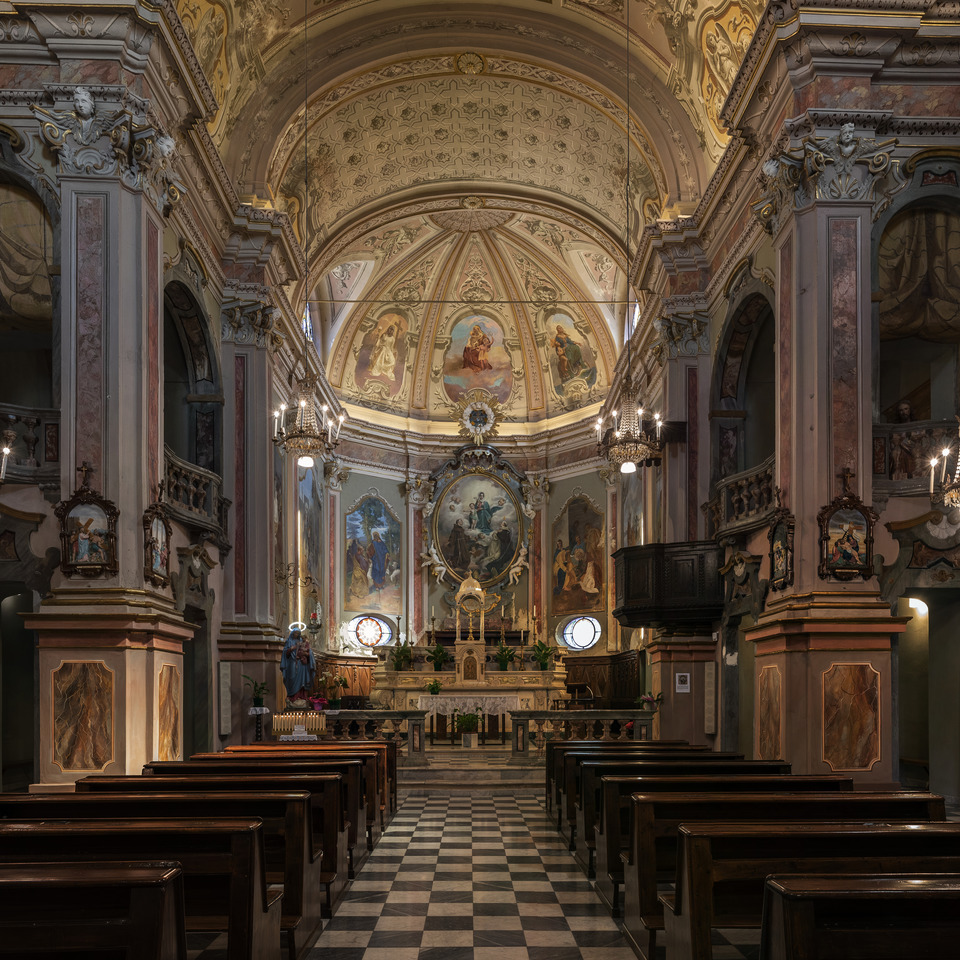 Nel 1727 la chiesa viene ricostruita in forme barocche col sussidio delle elemosine della comunità su disegno dell’architetto Giovanni Garelli con la direzione dei mastri Domenico Pianca e Isidoro Torriano. L’esito è un edificio a croce greca con aula unica e ampio coro adatto ad espletare le funzioni associative dei confratelli. L’interno presenta pregevoli altari tra cui spicca quello dedicato al Crocifisso, fornito di un’imponente decorazione in stucco marmoreggiato a fare da corona al Cristo quattrocentesco.
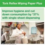 - The 2 ply multipurpose Tork Reflex™ Wiping Paper Plus is ideal for mopping up liquids and hand drying. This paper can be used in the Tork Reflex™ single-sheet centrefeed dispenser, which fits your team’s workflow, cuts down consumption and minimises the risk of cross-contamination.
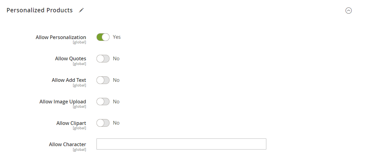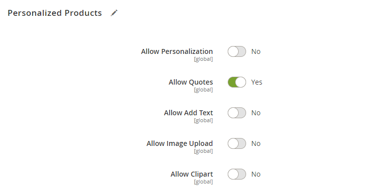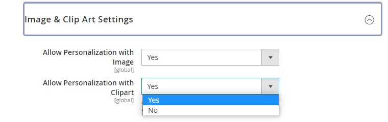 Setting these to “No” will not allow the customer to personalize the product with images and clipart.
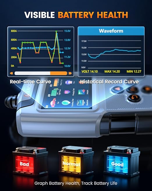 - 3 Essential Tests in Seconds: Battery Health Test checks voltage, CCA, and capacity to reveal battery condition; Cranking Test monitors voltage drop during startup to pinpoint weak batteries or starter issues; Charging Test measures alternator output to detect undercharge or overcharge—giving you a complete diagnostic solution for reliable driving
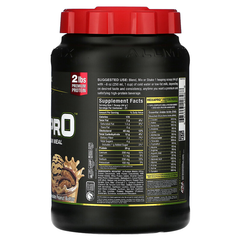 ALLMAX, Hexapro, постная еда с высоким содержанием белка, шоколад и арахисовая паста, 907 г (2 фунта)
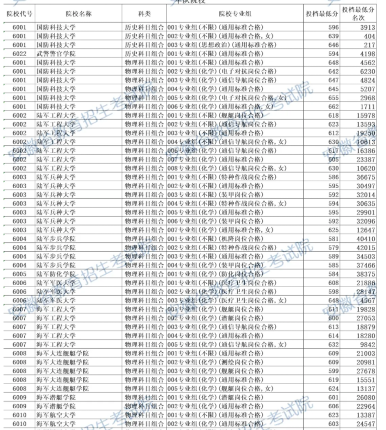 军队院校:22所军校在安徽招生938人,其中历史类10人,物理类928人。国防科技大学历史类招9人,最低投档线596分;物理类招78人,最低投档线642分。武警警官学院物理类投档线579分,为军校中最低。
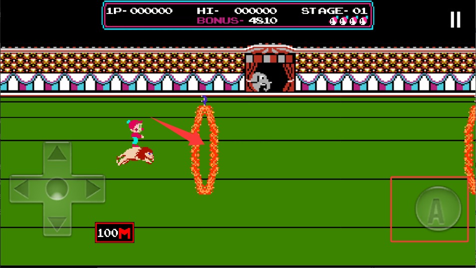跳火圈:游戏的第一关没什么难度,要注意把握住跳跃尺度,尤其是火圈和下面的火重叠起来才可以跳跃,控制一下距离即可。
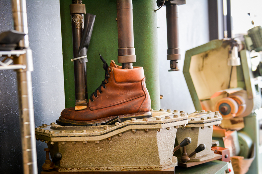 Jリペアではガエルネのブーツに最も適した修理を行うため、イタリアの工場で使っている機械を日本に持ち込んでいます。
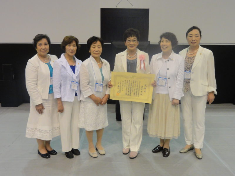 翌6日の全国大会では、津野邊金代直前会長が、当女性会での功績が認められ、全国商工会議所女性会連合会より表彰を受けました。その後、作家の林真理子氏の「私の仕事より」と題した記念講演会がありました。
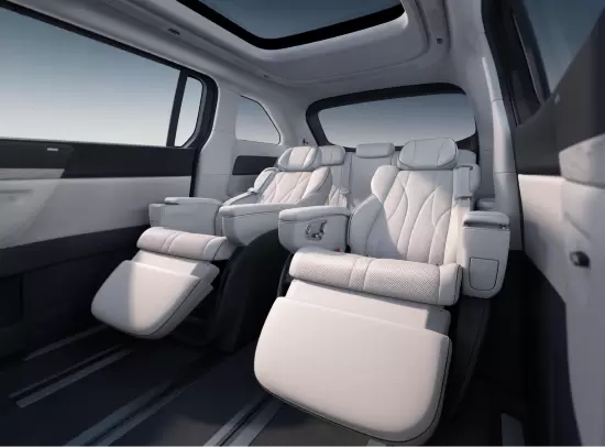 配置方面,小鹏X9同样不乏亮点。同级最大的21.4英寸生态娱乐屏,不仅支持莱茵防蓝光护眼技术,还具备0~75°无极悬停功能,为乘客提供了极致的视听体验。此外,新增的220V车内电源、无麦K歌系统、10.8L超大容积冷热一体电动冰箱以及全球唯一环绕式静感柔风中央空调等配置,进一步提升了车辆的实用性与便利性。值得一提的是,小鹏X9还全球首创了第三排座椅一键电动收纳功能,使得车内空间利用更加灵活高效。
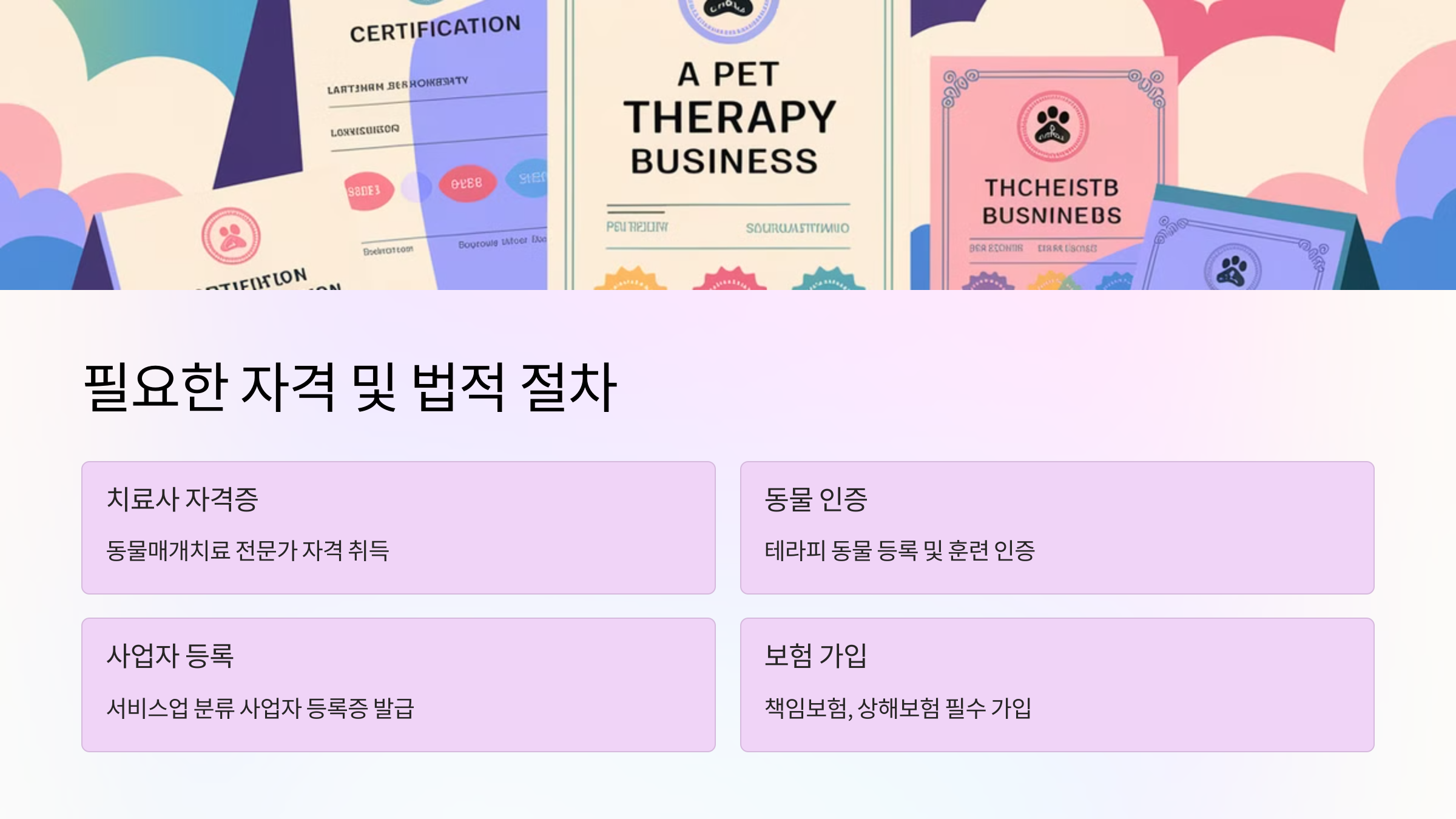 펫 테라피 사업을 운영하려면 관련 자격과 법적 절차를 충족해야 해요. 동물을 이용한 치료 활동이므로 동물 복지와 이용자의 안전을 고려한 허가 절차가 필요해요. 📜
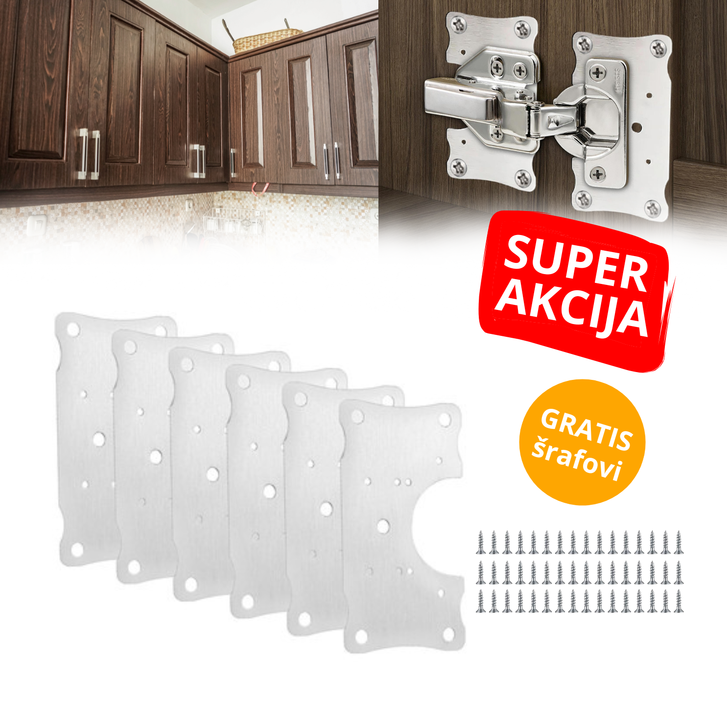 Poruči ojačavajuću metalnu pločicu sa GRATIS šrafovima i zaboravi na viseća vrata i rasklimane šarke. Jedno pakovanje rešava problem odmah, bez skupih popravki i novih delova. Poruči odmah, zalihe brzo nestaju jer je svako želi u kući.
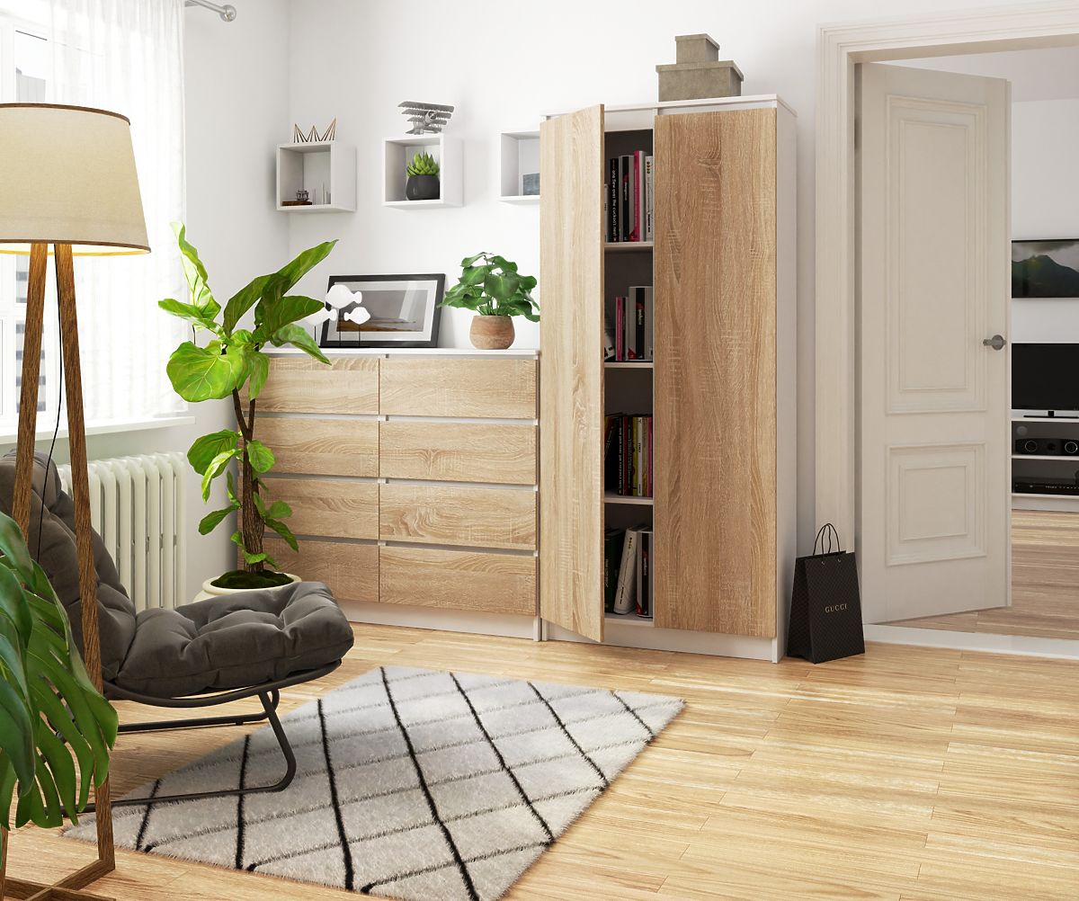 Kancelárska skriňa R 80 cm Clip 2 je nábytok vo farbe biela/sonoma, čo je jedna z najobľúbenejších farieb tejto sezóny. Táto knižnica prinesie do vašej kancelárie poriadok a harmóniu. Je vybavená ôsmimi priestrannými policami, v ktorých uložíte všetky potrebné veci v kancelárii. Navyše sú jej hrany olepené ABS hranou, ktorá poskytuje vysokú ochranu proti poškodeniu. Medzi výhody tejto knižnice patria:
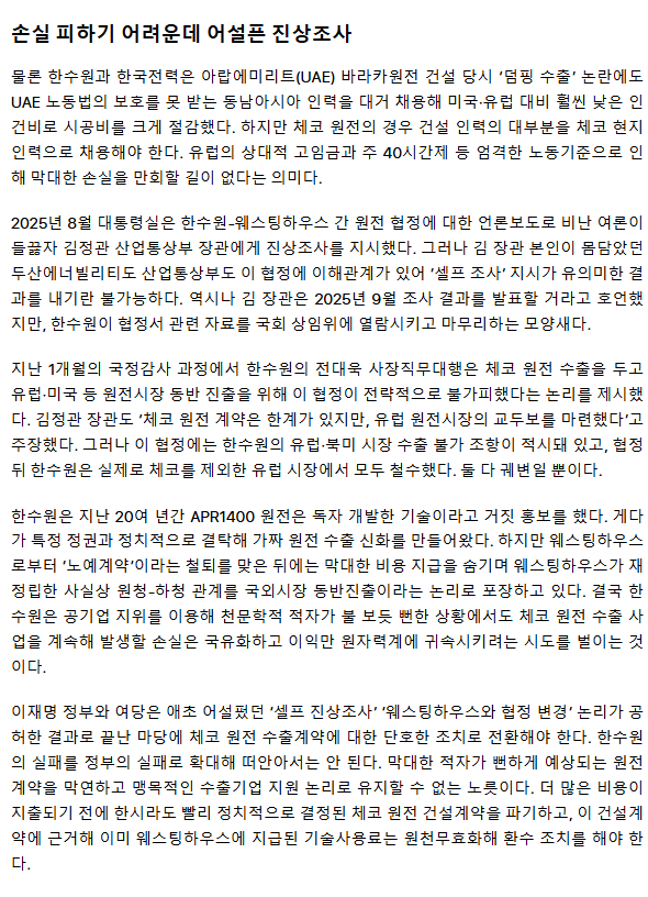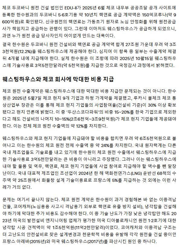 한수원, 미국 기업에 퍼주기 원전 수출 계약… 손실은 국유화, 이익은 원전업계로 ㅡ 이익과 책임을 하나로
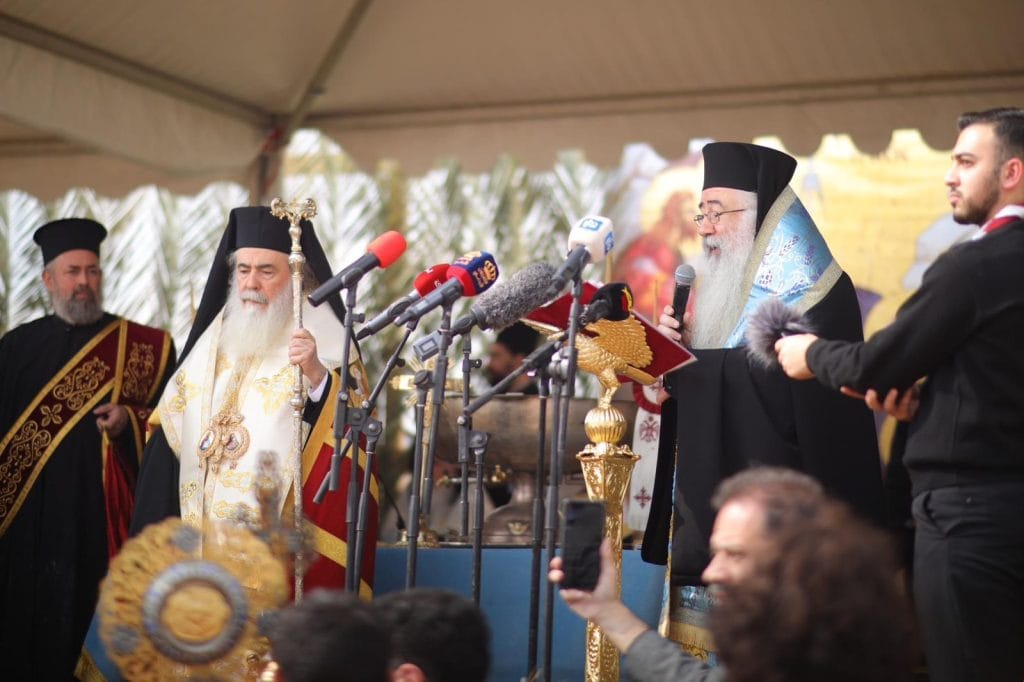 ألقى صاحب الغبطة في نهاية الصلاة كلمةً روحيّةً ووطنيّةً للمُحتَفلينَ قال فيها: من هذا المكان المقدَّس أُستعلِنَ الإيمان المسيحي وكُرِزَ بهِ في أصقاعِ المسكونةِ، من أرضِنا المقدَّسة دُعينا أبناءً للهِ لنسلُكُ باسمِهِ، دُعينا لننزعَ عنَّا الظُلماتِ الدهريَّة ونعبر للنورِ، ونغدو أبناءً للملكوتِ. فمن مياه الأُردن تتقدس كلّ الطبيعةِ، فأرضنا المقدسة اقتبلت الإله فصارت بهِ سماءً فتباركت به وبورِكت بها كل المعمورة. داعياً أبنائنا من كل العالم للحجِ والتبرك من هذا المكان المقدَّس.
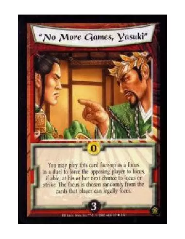 You may play this card face-up as a focus in a duel to force the opposing player to focus, if able, at his or her next chance to focus or strike. The focus is chosen randomly from the cards that player can legally focus.

##############################

- Action item -
Each entry should be transcribed exactly as given, with pictures omitted.

- Task solution -
 Nel 1727 la chiesa viene ricostruita in forme barocche col sussidio delle elemosine della comunità su disegno dell’architetto Giovanni Garelli con la direzione dei mastri Domenico Pianca e Isidoro Torriano. L’esito è un edificio a croce greca con aula unica e ampio coro adatto ad espletare le funzioni associative dei confratelli. L’interno presenta pregevoli altari tra cui spicca quello dedicato al Crocifisso, fornito di un’imponente decorazione in stucco marmoreggiato a fare da corona al Cristo quattrocentesco.
 - The 2 ply multipurpose Tork Reflex™ Wiping Paper Plus is ideal for mopping up liquids and hand drying. This paper can be used in the Tork Reflex™ single-sheet centrefeed dispenser, which fits your team’s workflow, cuts down consumption and minimises the risk of cross-contamination.
 Setting these to “No” will not allow the customer to personalize the product with images and clipart.
 - 3 Essential Tests in Seconds: Battery Health Test checks voltage, CCA, and capacity to reveal battery condition; Cranking Test monitors voltage drop during startup to pinpoint weak batteries or starter issues; Charging Test measures alternator output to detect undercharge or overcharge—giving you a complete diagnostic solution for reliable driving
 ALLMAX, Hexapro, постная еда с высоким содержанием белка, шоколад и арахисовая паста, 907 г (2 фунта)
 军队院校:22所军校在安徽招生938人,其中历史类10人,物理类928人。国防科技大学历史类招9人,最低投档线596分;物理类招78人,最低投档线642分。武警警官学院物理类投档线579分,为军校中最低。
跳火圈:游戏的第一关没什么难度,要注意把握住跳跃尺度,尤其是火圈和下面的火重叠起来才可以跳跃,控制一下距离即可。
 Jリペアではガエルネのブーツに最も適した修理を行うため、イタリアの工場で使っている機械を日本に持ち込んでいます。
 翌6日の全国大会では、津野邊金代直前会長が、当女性会での功績が認められ、全国商工会議所女性会連合会より表彰を受けました。その後、作家の林真理子氏の「私の仕事より」と題した記念講演会がありました。
 配置方面,小鹏X9同样不乏亮点。同级最大的21.4英寸生态娱乐屏,不仅支持莱茵防蓝光护眼技术,还具备0~75°无极悬停功能,为乘客提供了极致的视听体验。此外,新增的220V车内电源、无麦K歌系统、10.8L超大容积冷热一体电动冰箱以及全球唯一环绕式静感柔风中央空调等配置,进一步提升了车辆的实用性与便利性。值得一提的是,小鹏X9还全球首创了第三排座椅一键电动收纳功能,使得车内空间利用更加灵活高效。
 펫 테라피 사업을 운영하려면 관련 자격과 법적 절차를 충족해야 해요. 동물을 이용한 치료 활동이므로 동물 복지와 이용자의 안전을 고려한 허가 절차가 필요해요. 📜
 Poruči ojačavajuću metalnu pločicu sa GRATIS šrafovima i zaboravi na viseća vrata i rasklimane šarke. Jedno pakovanje rešava problem odmah, bez skupih popravki i novih delova. Poruči odmah, zalihe brzo nestaju jer je svako želi u kući.
 Kancelárska skriňa R 80 cm Clip 2 je nábytok vo farbe biela/sonoma, čo je jedna z najobľúbenejších farieb tejto sezóny. Táto knižnica prinesie do vašej kancelárie poriadok a harmóniu. Je vybavená ôsmimi priestrannými policami, v ktorých uložíte všetky potrebné veci v kancelárii. Navyše sú jej hrany olepené ABS hranou, ktorá poskytuje vysokú ochranu proti poškodeniu. Medzi výhody tejto knižnice patria:
 한수원, 미국 기업에 퍼주기 원전 수출 계약… 손실은 국유화, 이익은 원전업계로 ㅡ 이익과 책임을 하나로
 ألقى صاحب الغبطة في نهاية الصلاة كلمةً روحيّةً ووطنيّةً للمُحتَفلينَ قال فيها: من هذا المكان المقدَّس أُستعلِنَ الإيمان المسيحي وكُرِزَ بهِ في أصقاعِ المسكونةِ، من أرضِنا المقدَّسة دُعينا أبناءً للهِ لنسلُكُ باسمِهِ، دُعينا لننزعَ عنَّا الظُلماتِ الدهريَّة ونعبر للنورِ، ونغدو أبناءً للملكوتِ. فمن مياه الأُردن تتقدس كلّ الطبيعةِ، فأرضنا المقدسة اقتبلت الإله فصارت بهِ سماءً فتباركت به وبورِكت بها كل المعمورة. داعياً أبنائنا من كل العالم للحجِ والتبرك من هذا المكان المقدَّس.
 You may play this card face-up as a focus in a duel to force the opposing player to focus, if able, at his or her next chance to focus or strike. The focus is chosen randomly from the cards that player can legally focus.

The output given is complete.